IMPLEMENTASI PENDIDIKAN BUDI PEKERTI KE DALAM PENDIDIKAN AGAMA ISLAM

Oleh: Ahmad Tafsir



Pendidikan akhlak itu amat penting. Akhlak dapat menjamin kelangsungan hidup seseorang, masyarakat, negara dan dunia. Sejarah menjelaskan bahwa tidak ada negara yang hancur karena lemah penguasaan sain dan teknologinya. Tidak ada juga negara yang hancur karena miskin.

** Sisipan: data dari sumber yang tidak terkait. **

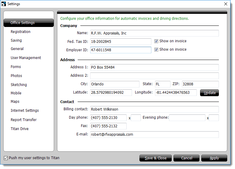 To set up your office and business information: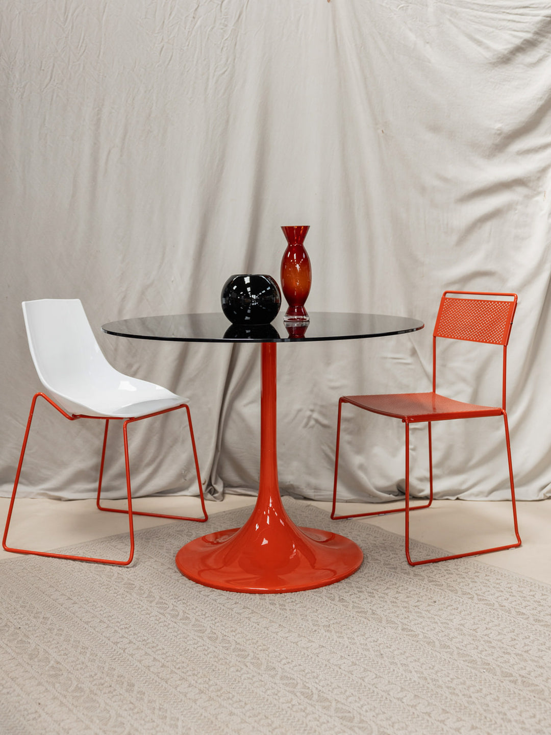Cette chaise rouge en métal apporte une jolie touche de modernité à votre intérieur. Son assise ajourée et son dossier assorti lui donnent un look plein de caractère, tandis que ses pieds fins lui confèrent une belle légèreté visuelle. On l’imagine aussi bien autour d’une table de salle à manger que dans un coin café, pour une assise aussi pratique que stylée.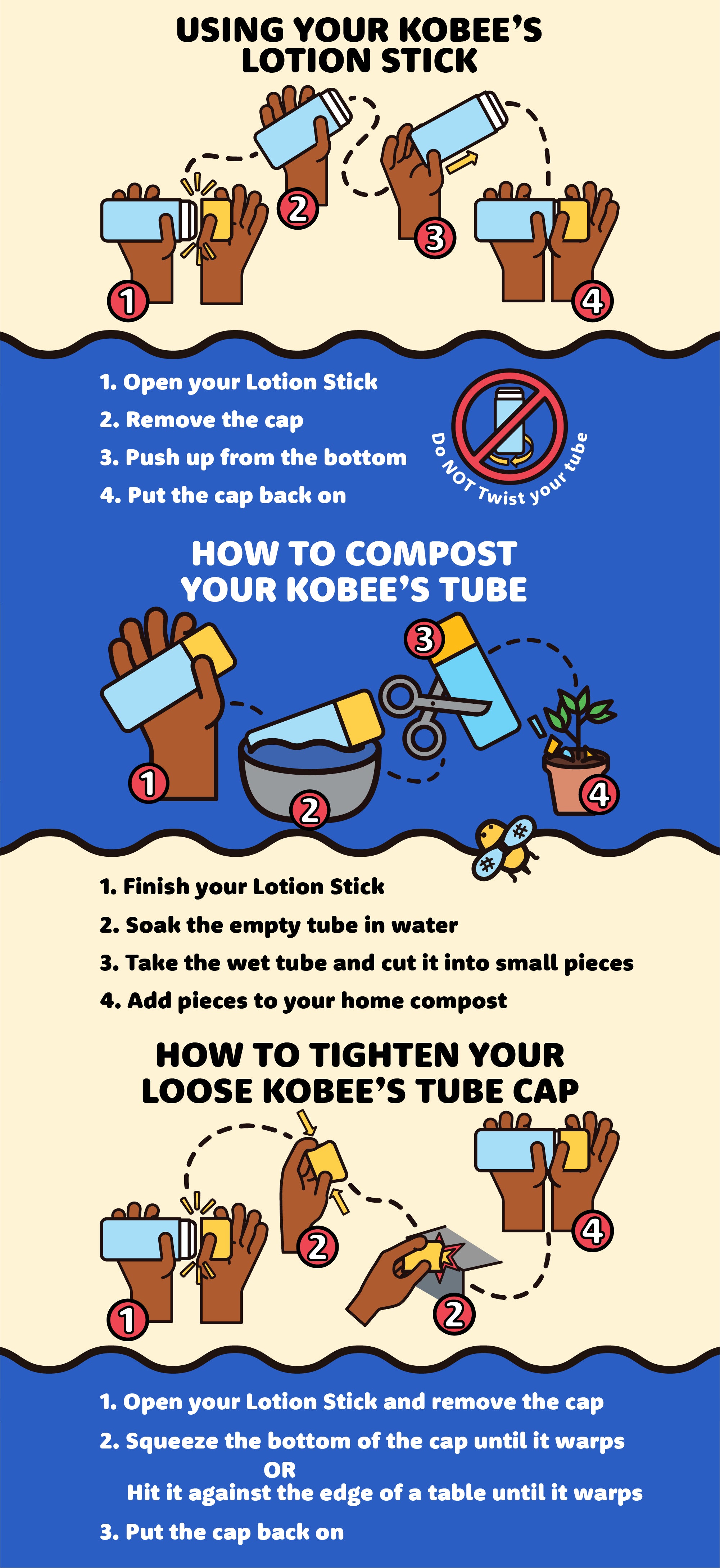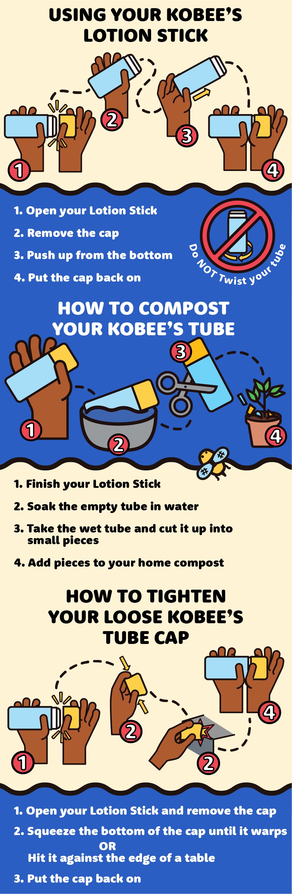 - To Extend The Life Of Your Lotion Stick: KOBEE'S Lotion Stick tubes are made from compostable cardboard, so naturally some wear and tear are to be expected. To best preserve your Lotion Stick(s), please store at room temperature and avoid direct sunlight and moisture. Be careful not to leave it in a hot car or mailbox as this might cause the product to melt into the packaging.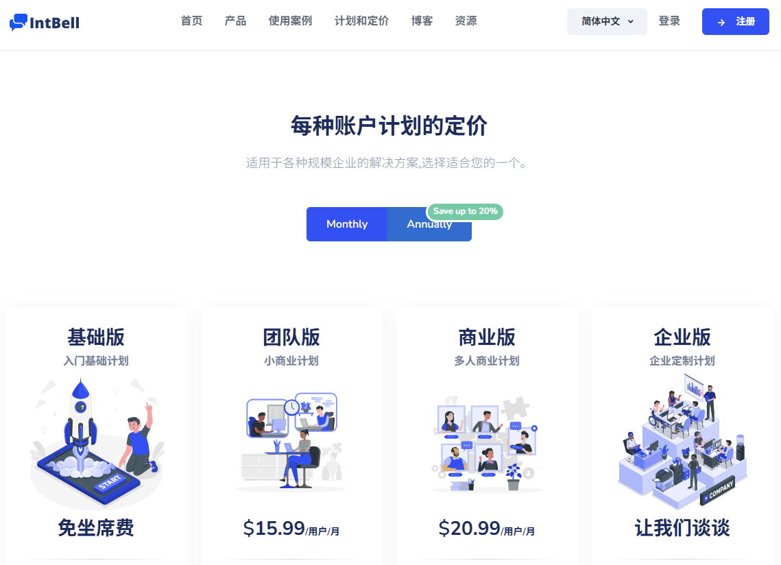 IntBell的定价结构充分考虑了企业的成本效益,特别是年付方案能带来显著的节省: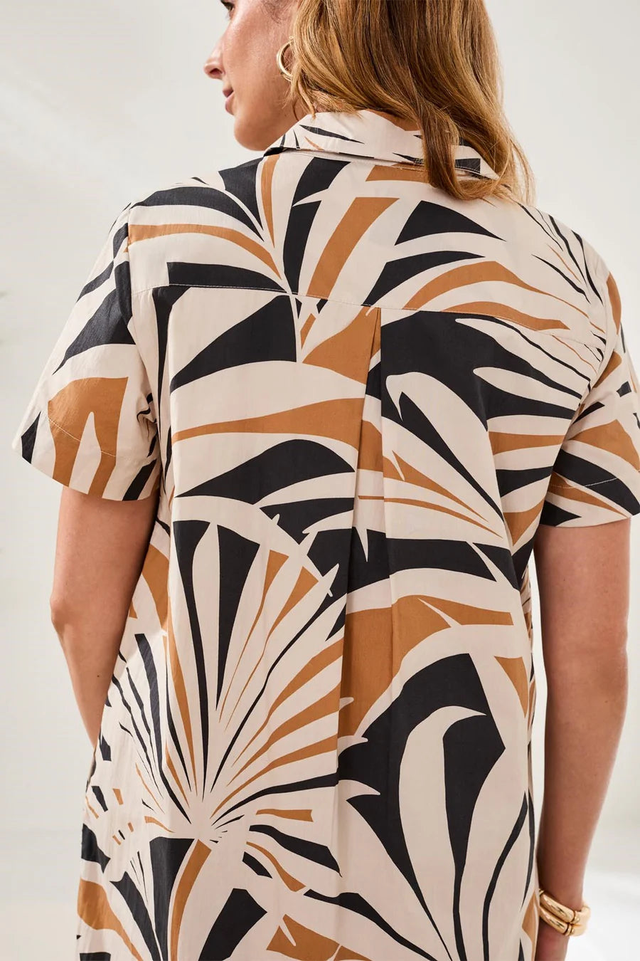 Bright prints and crisp cotton poplin create a statement in this short sleeve button up dress. The airy fit and 36" length are perfect for sunny days, adding polish and playful style to your warm-weather wardrobe.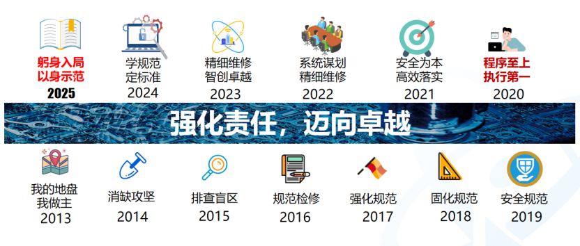 核安全文化必须融入管理体系,不能仅依赖个人自觉。部门通过建立全员核安全责任清单、完善标准化流程、运用数字化工具等方式,推动核安全要求扎实落地。自2013年起,维修四处围绕管理提升,每年选定主题系统推进,覆盖技能、文件、行为、流程等多方面,以体系化、常态化的运作机制,保障核安全主体责任层层落实、持续巩固。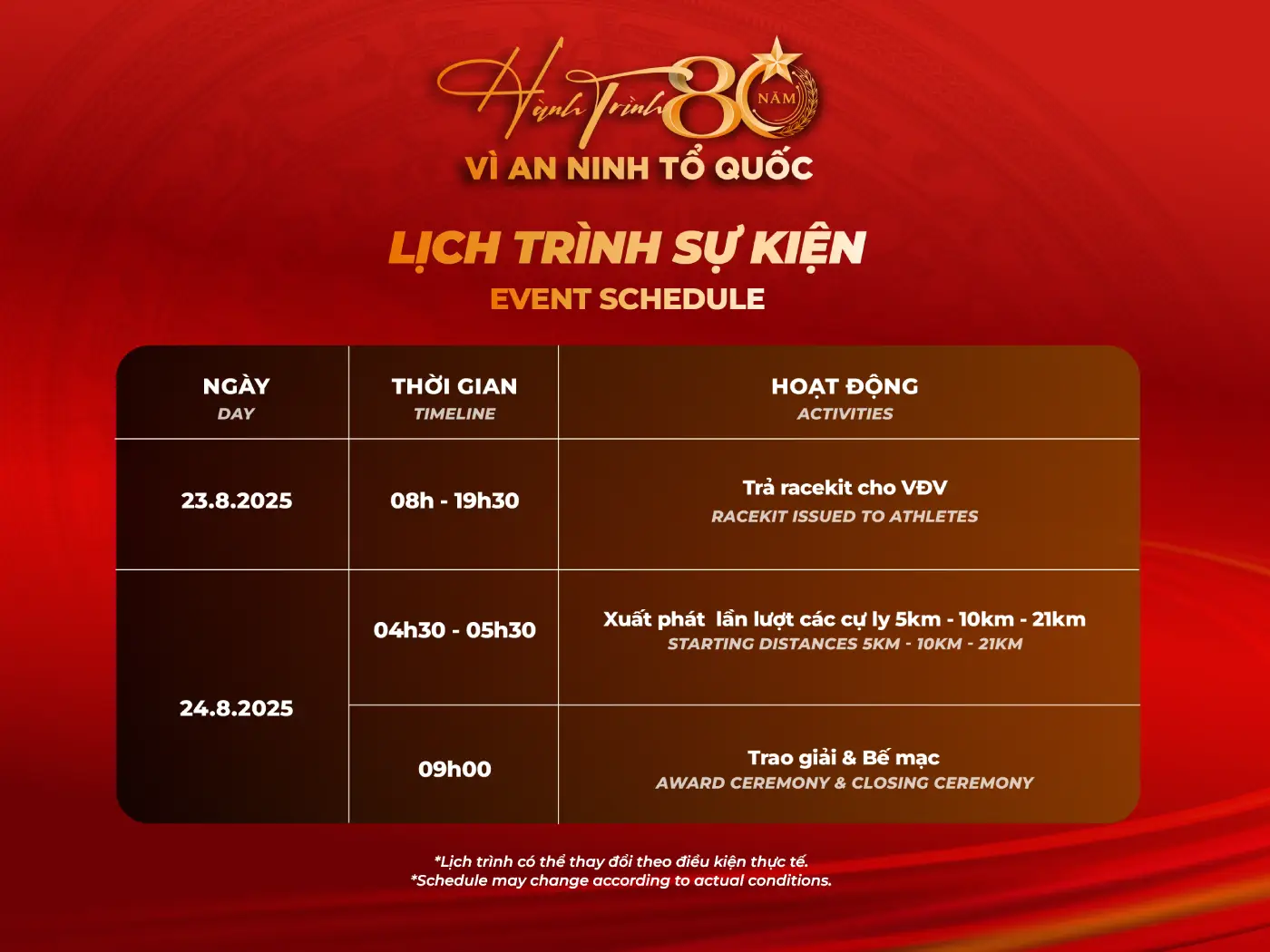 Vì An ninh Tổ quốc. Vì tình yêu đất nước. Hẹn nhau tại Phan Thiết – nơi mỗi bước chân là một lời hứa, mỗi nhịp tim là một câu chuyện, và mỗi người tham gia là một phần của hành trình 80 năm bất khuất.

Sejarah menjelaskan bahwa negara Saba`iyyah yang makmur itu hancur karena akhlak; negara Sodom hancur karena akhlak, negara Mesir kuno, yang rajanya adalah tuhan (Fir’aun) hancur karena akhlak; imperium Rumawi yang begitu kuat hancur karena akhlak; negara kita babak belur juga karena akhlak; negara-negara itu hancur karena buruknya akhlak para pemimpin.
Definisi Akhlak
Ada tiga kata yang dapat berarti akhlak. Pertama budi pekerti. Ini yang netral. Kedua etika, yaitu budi pekerti berdasarkan akal. Ketiga akhlak, yaitu budi pekerti berdasarkan agama. Yang cocok untuk orang Indonesia ialah budi pekerti dalam arti akhlak.
Pancasila itu inti (core) nya ialah keberimanan. Itu artinya, setiap warga negara Indonesia haruslah beriman. Beriman tentu harus beragama. Akhlaknya pun haruslah akhlak yang berdasarkan agama. Dengan demikian budi pekerti untuk orang Indonesia
–selama masih menjadikan Pancasila sebagai filsafat negara- pastilah budi pekerti dalam arti akhlak.
Butir-butir budi pekerti yang direkomendasikan untuk diajarkan oleh Proyek Pembinaan Anak dan Remaja Direktorat Jenderal Kebudayaan Departemen Pendidikan dan Kebudayaan (1995/1996) ada 56 buah. Semuanya ada dalam materi pelajaran agama. Pendidikan agama (Islam) memang intinya adalah pendidikan akhlak. Dengan demikian, pengintegrasian materi akhlak yang direkomendasikan (56 butir) itu sudah selesai karena memang sejak dahulu sudah terintegrasi dalam mata pelajaran Agama Islam. Jadi, dalam hal ini tidak ada masalah. Ada atau tidak ada rekomendasi tentang materi akhlak tersebut sama saja. Masalahnya bukan terletak pada materi akhlak atau budi pekerti tersebut.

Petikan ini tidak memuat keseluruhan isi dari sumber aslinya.